Monday, June 11, 2007

New York Times Raps Murdoch, And Itself

Sunday, June 10, was an unusually candid day for the New York Times. In an outspoken editorial, it defended a-competitor, the Wall Street Journal, against the Rupert Murdoch raid, speaking up against a sale of the Dow Jones Co. to the right wing newspaper and television magnate.

Then, in the same Week in Review section, the new public editor of the Times, Clark Hoyt, indicated that the editors of the paper might well have been wrong last weekend to play the news of an alleged Islamic plot to burn facilities at the John F. Kennedy Airport on Page 30 rather than on Page 1. It's an auspicious start for Hoyt.

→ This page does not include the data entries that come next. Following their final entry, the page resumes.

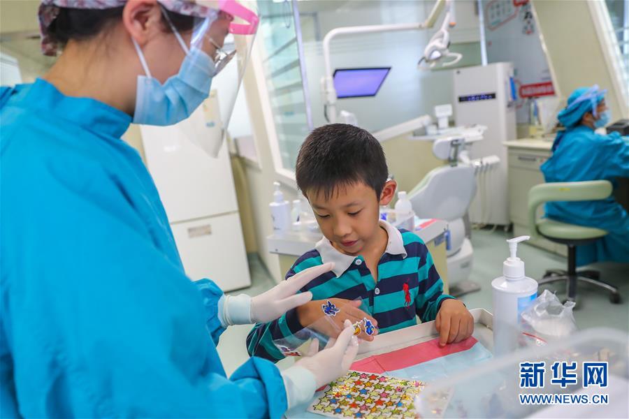 9月18日,儿童口腔医护人员为一名刚刚完成治疗的小患者贴上用于鼓励的小贴纸。
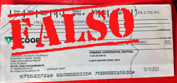 Notícias para relatar que um rapaz percorreu alguns comércios de Assis Chateaubriand com o objetivo de trocar cheques falsos de cooperativas da região. Lembramos que as cooperativas não emitem cheques. Os pagamentos são feitos via transferência bancária.
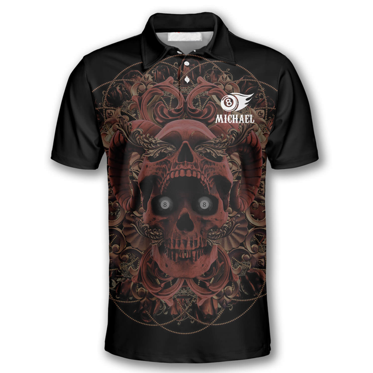 Custom 3D All Over Print Red Skull Custom Billiard Shirts For Men, Skull Shirt, Billiard Shirt
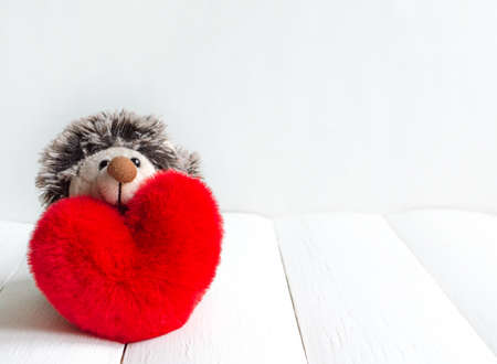 Hedgehog toy and red soft heart on a white wooden background for valentine day with copy space
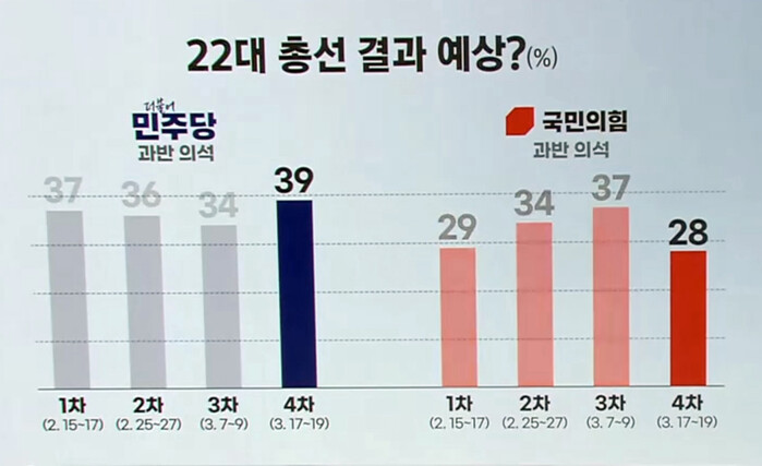 어느 당 후보를 찍을 것인지, 어느 당이 당선될 가능성이 높다고 보는지 지난 2월부터 4차례에 걸쳐 조사한 결과는 민주당이 과반 의석을 차지할 것이라는 예측이 약 11%p정도 격차를 보이며 국민의힘을 압도하고 있다.

The L.A. Times fitfully sometimes runs adverse stories about itself, or rather the Tribune Co. ownership that has brought so much ruination on the newspaper. On the other hand, the LAT
ran just three paltry letters protesting the termination of longtime Times columnist Al Martinez, when it had received hundreds, maybe as many as 2,000. The New York Times is prone to go deeper with self-criticism, and the "public editor" often provides the means.

The NYT is on its third public editor, and I don't imagine any of them have been all that popular with the regular editors. After all, many news reporters and editors are very defensive. They are used to dishing it out to all types of public figures, but they don't enjoy being criticized themselves.

Hoyt, on Sunday, elicited an admission from John Geddes, a NYT managing editor, that if he had to do it all over again, he might have put the Kennedy plot story on Page 1, even though he did feel federal prosecutors may have overplayed the threat.

Hoyt remarked in the conclusion of his column, "Domestic terrorism is a frightening -- and now very political -- issue. Newspapers cannot take sometimes overheated rhetoric from public officials at face value. But they have to be careful not to appear indifferent to plots that, allowed to mature, could pose real threats of death and destruction."

It was striking that the NYT played the Kennedy story on Page 30, while the Washington Post, published in a city 240 miles away, published it as the lead story on Page 1. And, I think, the L.A. Times did too.

As for the Murdoch bid for the Wall Street Journal, the NYT editorial said, "Editorial pages generally do not compliment the competition, but today we write in praise of The Wall Street Journal."

Murdoch, it accurately noted, as media columnist Tim Rutten has in the Los Angeles Times, "reneged on his vow to leave news operations alone, such as at The Times of London (after he bought that paper), or when his conglomerate canceled a book and stopped carrying the BBC news by satellite to curry favor in China." The Times editorial made it clear, the NYT editors hope the Wall Street Journal will not be sold to Murdoch.



I haven't been very impressed with the revamped Los Angeles Times Sunday travel section, which has seemed to represent another Tribune Co. cutback at the paper. But fair is fair and the travel section's page devoted to Seattle's Pike Place Market yesterday provided an excellent map and description as to what is to be found there, at one of the world's great markets.

The graphics, the page said, were prepared by Eric Lucas, "Special to the Times," which meant that Lucas is not on the regular staff.